Halt if: Private key permissions are too broad, image reference missing, or bind address is not VIP-specific.

4.4 Systemd Unit and Slice Installation

Install systemd slices and services required for:

  • JetStream
  • BSFG controller
  • optional monitoring helpers

Reload systemd and enable only the services that should start independently.

Critical rule: the BSFG controller must not be allowed to auto-start independently of promotion flow.

Required state:

  • JetStream enabled
  • Keepalived enabled on Alpha/Beta
  • BSFG controller installed but not enabled for independent boot start
  • BSFG controller started only via promotion scripts or controlled orchestration

Example verification:

systemctl daemon-reload
systemctl is-enabled jetstream.service
systemctl is-enabled keepalived
systemctl is-enabled bsfg-controller.service

Expected result: JetStream enabled; Keepalived enabled where applicable; BSFG controller installed but not independently enabled.

Halt if: BSFG controller is configured to auto-start outside promotion flow.


5. Bootstrap Sequence

5.1 Start JetStream on All Nodes

Start JetStream on all three nodes. Gamma-first is conventional, but any order is acceptable if cluster formation is verified afterward.

Example:

docker compose -f /opt/bsfg/docker-compose.yml up -d jetstream

Expected result: JetStream container or service running on all three nodes.

Example verification:

docker ps | grep jetstream

5.2 Verify Cluster Formation

After startup, verify:

  • all three nodes visible
  • leader elected
  • cluster identity correct
  • no route or quorum errors

Example verification:

nats server report jetstream --server nats://localhost:4222

Expected result: Three nodes visible; leader elected; no split or quorum failure indicators.

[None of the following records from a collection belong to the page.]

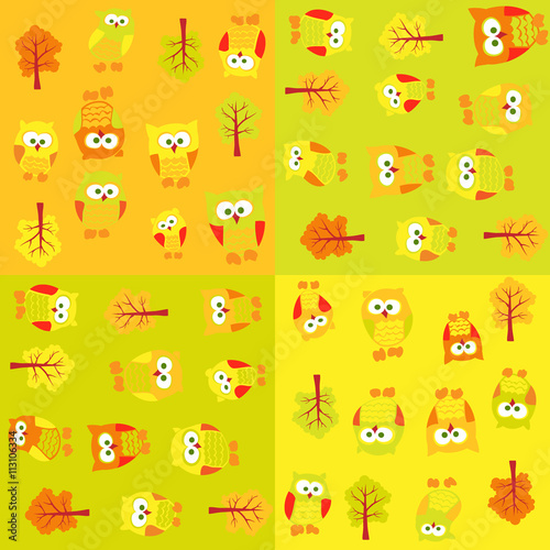 Seamless pattern with owls and trees in squares
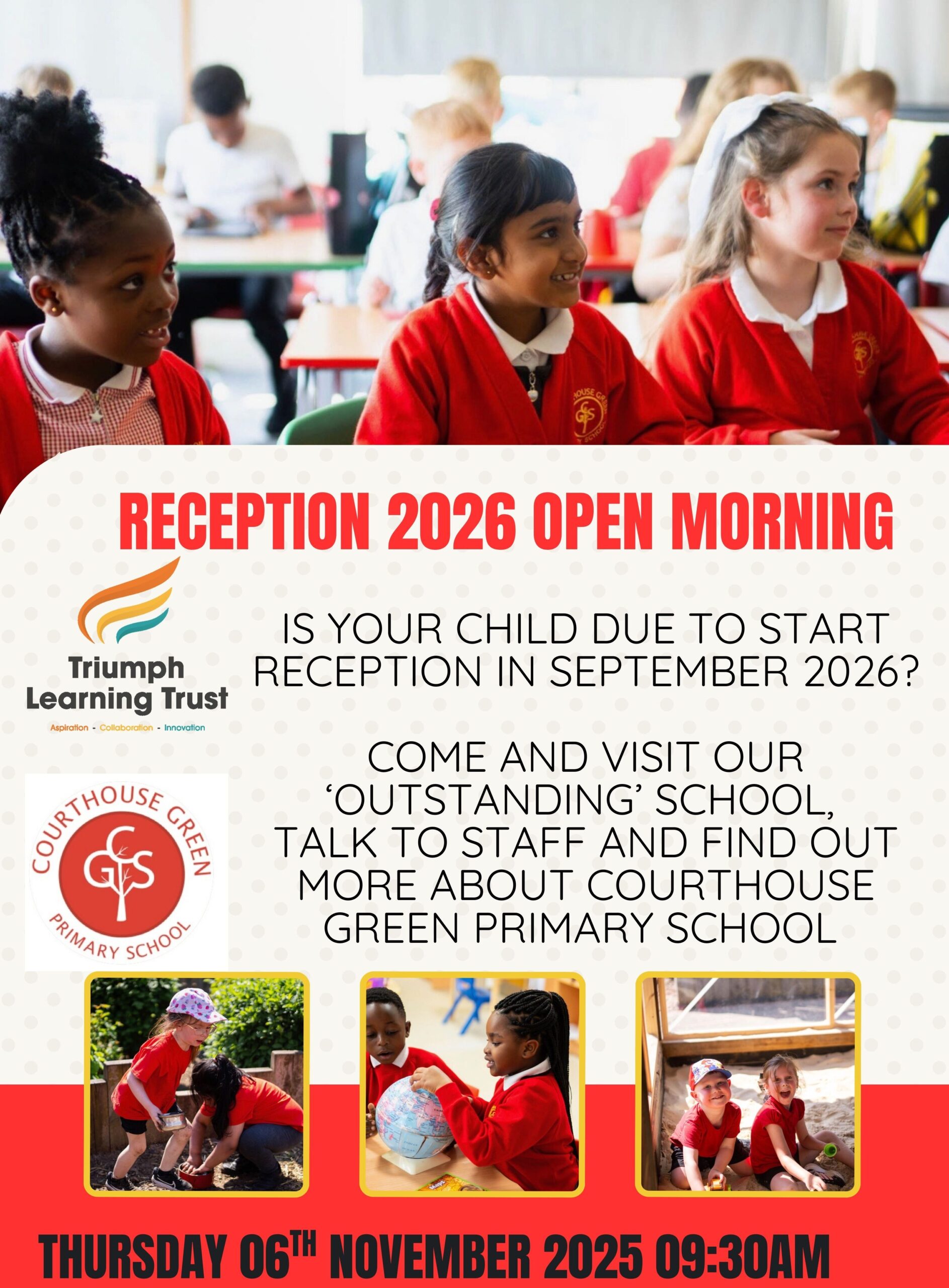 We hope our website gives you a sense of the warmth, ambition, and vibrant life of our school. Whether you’re a prospective parent, a visitor, or part of our current school family, we welcome you to explore further and see what makes Courthouse Green a special place to learn and grow.
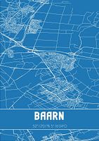 Blauwdruk van de landkaart / plattegrond van de Nederlandse plaats Baarn, gelegen in het Gooi, in gemeente Baarn, provincie Utrecht. De kaart bevat alle openbare wegen en de coördinaten van het centrum van Baarn.
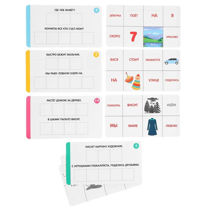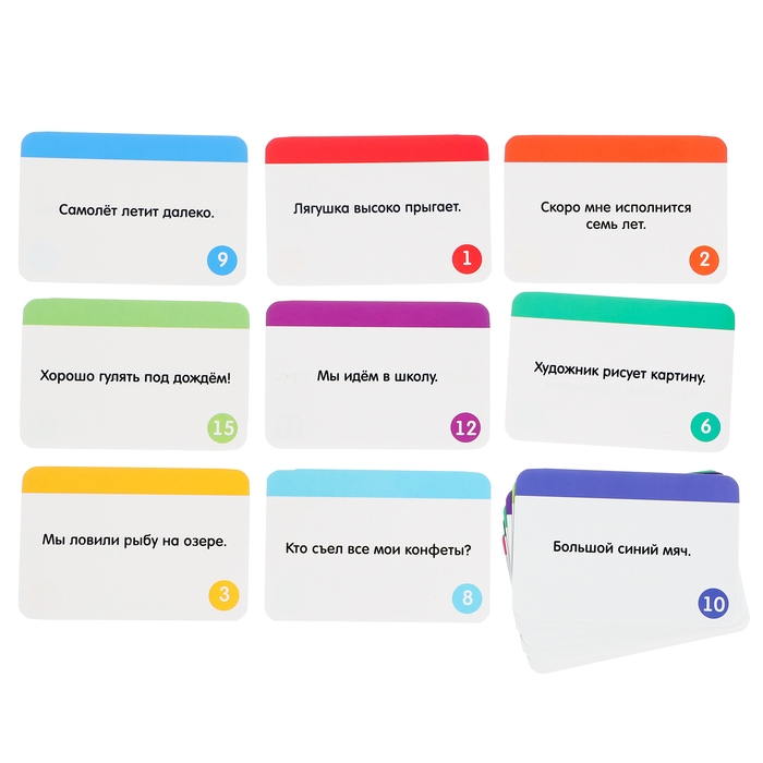 - Взрослый ведущий достаёт из колоды с предложениями карточку и зачитывает её. Сначала чётко проговаривает предложение, затем называет отдельные слова.
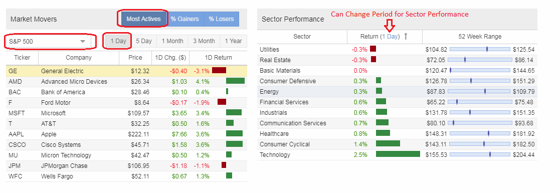 With Market Movers you can focus on whatever index you like, the time period, and whether to focus on most actives, gainers or losers. You can also sort table in different ways by clicking on the column headers.
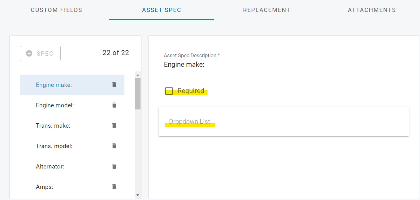 Once the custom fields tab has been defined, users can further control the data that is input into those description fields by utilizing the Asset Spec Tab.

Halt if: Fewer than three nodes visible, leader absent, or cluster state unhealthy.

5.3 Start Keepalived on Alpha and Beta

Start Keepalived on Alpha and Beta after JetStream cluster health is confirmed.

Example:

systemctl start keepalived
systemctl status keepalived

Expected result: Keepalived active on Alpha and Beta.

5.4 Verify VIP Acquisition

Verify exactly one node holds the VIP.

Example verification:

ip addr show

Expected result: Alpha holds VIP under normal initial conditions; Beta does not.

Halt if: VIP absent from both nodes or present on both nodes.

5.5 Verify Controller Starts Only on Active Node

Verify promotion behavior after VIP acquisition:

  • controller active on VIP holder
  • controller inactive on non-holder
  • no controller on Gamma
  • health endpoint reachable via VIP

Example verification:

systemctl status bsfg-controller
curl -k https://$VIP:9443/health
docker ps | grep bsfg

Expected result: Controller active only on VIP holder; health endpoint succeeds; Gamma has no controller.

Halt if: Controller active on more than one node, inactive on VIP holder, or absent from health endpoint.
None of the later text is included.